╔══
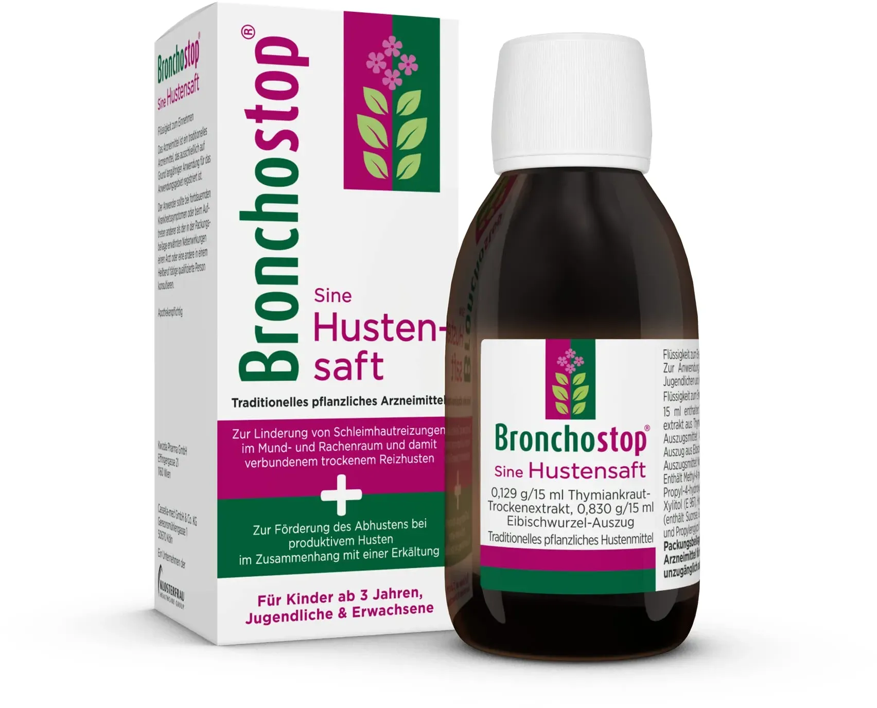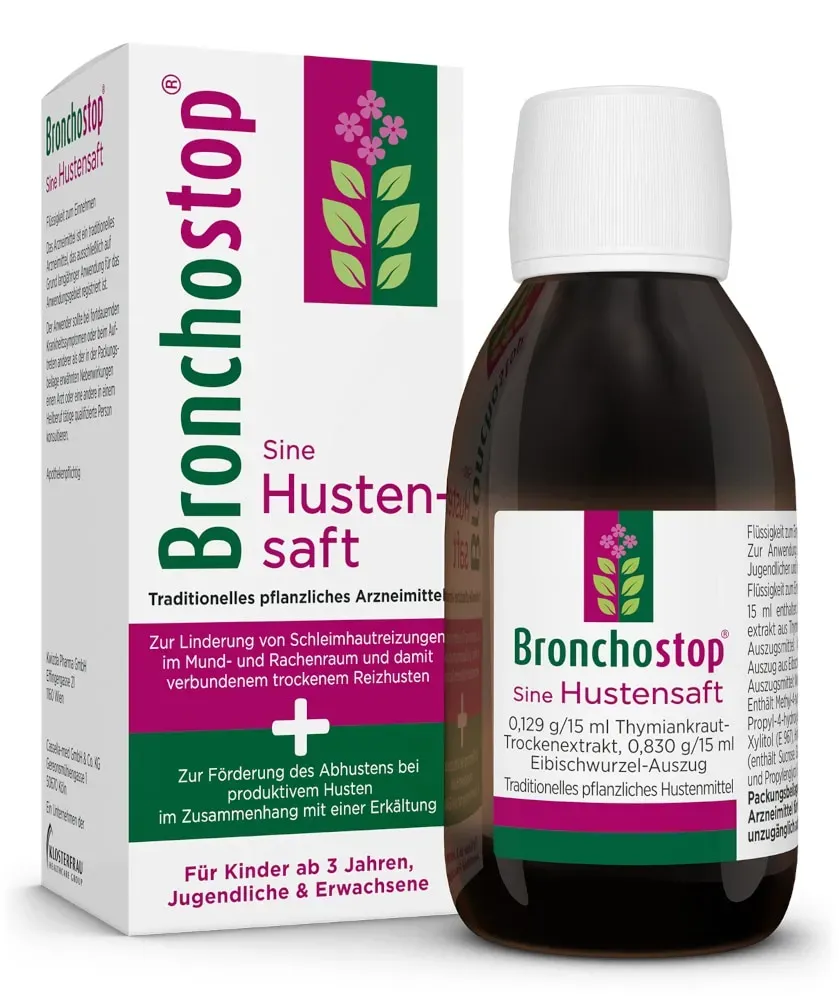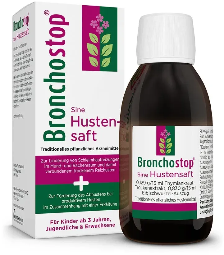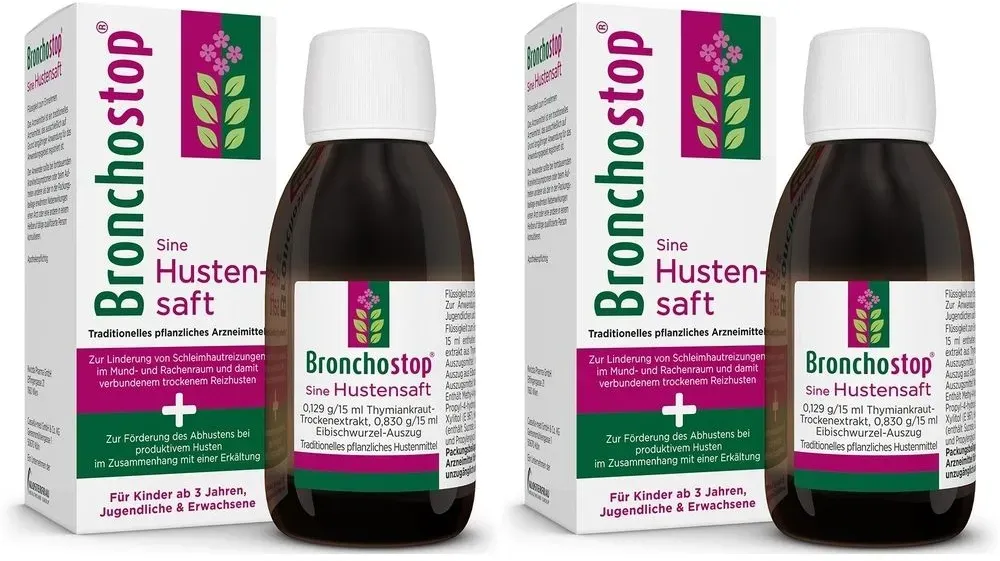 Bronchostop META PreisvergleichMit dem Meta-Preisvergleich suchen Sie gleichzeitig bei den großen Preisvergleich Portalen!Jetzt live Suche nach bronchostop starten! Bronchostop KaufberatungBRONCHOSTOP - Kaufberatung und ProduktübersichtBRONCHOSTOP Sine Hustensaft ist ein traditionelles pflanzliches Arzneimittel zur Hustenbehandlung, das von der Kwizda Pharma GmbH hergestellt wird.[1][3] Das Produkt ist in verschiedenen Darreichungsformen und Größen erhältlich und erfreut sich großer Beliebtheit im deutschsprachigen Raum. Anwendungsgebiete und WirkungBRONCHOSTOP Sine Hustensaft wird traditionell angewendet zur Linderung von Schleimhautreizungen im Mund- und Rachenraum mit trockenem Reizhusten und zur Förderung der Schleimlösung bei Husten mit Schleimbildung im Zusammenhang mit einer Erkältung.[1][5] Die Kombination aus Thymian und Eibisch beruhigt gereizte Schleimhäute und fördert gleichzeitig das Abhusten von Schleim aus den Bronchien, ohne den Hustenreflex komplett zu unterdrücken.[3][7] Verfügbare ProduktvariantenDie BRONCHOSTOP-Serie bietet mehrere Optionen:
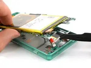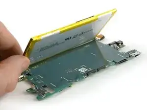 Будьте осторожны! Нужно протянуть гибкий кабель дисплея через зазор в материнской плате при её приподнимании. Он также соединён с мотором вибрации, который всё ещё приклеен к телефону.
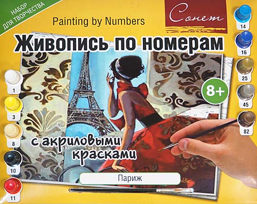1 грунтованный картон с разметкой для рисунка, 10 акриловых красок, кисточка
╚══
What you need to do:
Apart from the pictures, every line of the data above should be given again exactly.

Solution for this task:
 Bronchostop META PreisvergleichMit dem Meta-Preisvergleich suchen Sie gleichzeitig bei den großen Preisvergleich Portalen!Jetzt live Suche nach bronchostop starten! Bronchostop KaufberatungBRONCHOSTOP - Kaufberatung und ProduktübersichtBRONCHOSTOP Sine Hustensaft ist ein traditionelles pflanzliches Arzneimittel zur Hustenbehandlung, das von der Kwizda Pharma GmbH hergestellt wird.[1][3] Das Produkt ist in verschiedenen Darreichungsformen und Größen erhältlich und erfreut sich großer Beliebtheit im deutschsprachigen Raum. Anwendungsgebiete und WirkungBRONCHOSTOP Sine Hustensaft wird traditionell angewendet zur Linderung von Schleimhautreizungen im Mund- und Rachenraum mit trockenem Reizhusten und zur Förderung der Schleimlösung bei Husten mit Schleimbildung im Zusammenhang mit einer Erkältung.[1][5] Die Kombination aus Thymian und Eibisch beruhigt gereizte Schleimhäute und fördert gleichzeitig das Abhusten von Schleim aus den Bronchien, ohne den Hustenreflex komplett zu unterdrücken.[3][7] Verfügbare ProduktvariantenDie BRONCHOSTOP-Serie bietet mehrere Optionen:
 Будьте осторожны! Нужно протянуть гибкий кабель дисплея через зазор в материнской плате при её приподнимании. Он также соединён с мотором вибрации, который всё ещё приклеен к телефону.
1 грунтованный картон с разметкой для рисунка, 10 акриловых красок, кисточка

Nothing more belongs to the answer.